- Classification: Division I
- Season: 1995–96
- Teams: 12
- Site: Louisiana Superdome New Orleans, Louisiana (USA)
- Champions: Mississippi State (1st title)
- Winning coach: Richard Williams (1st title)
- MVP: Dontae' Jones (Mississippi State)
- Attendance: 195,836
- Television: Jefferson Pilot Sports (Entire tournament) CBS (Championship game; available nationally and outside the SEC footprint)

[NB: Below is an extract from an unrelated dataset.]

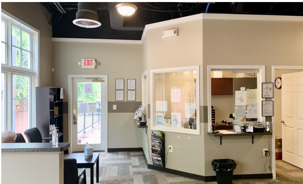
201 waiting room/reception
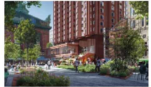
Assemble Chicago, affordable ETOD housing for essential workers

= 1996 SEC men's basketball tournament =

The 1996 SEC men's basketball tournament took place from March 7–10, 1996, at the Louisiana Superdome in New Orleans, Louisiana. The Mississippi State Bulldogs won the tournament title and received the SEC's automatic bid to the NCAA tournament by beating the Kentucky Wildcats by a score of 84–73. This was the first time the Mississippi State men's basketball team won the SEC tournament.

==Television coverage==
Jefferson Pilot Sports regionally broadcast and syndicated coverage of the first round, the quarterfinals, and the semi-finals. Play-by-play commentary was done by Tom Hammond with color analyst Joe Dean, Jr. The championship game was broadcast nationally on CBS, called by play-by-play commentator Sean McDonough and color analyst Bill Raftery.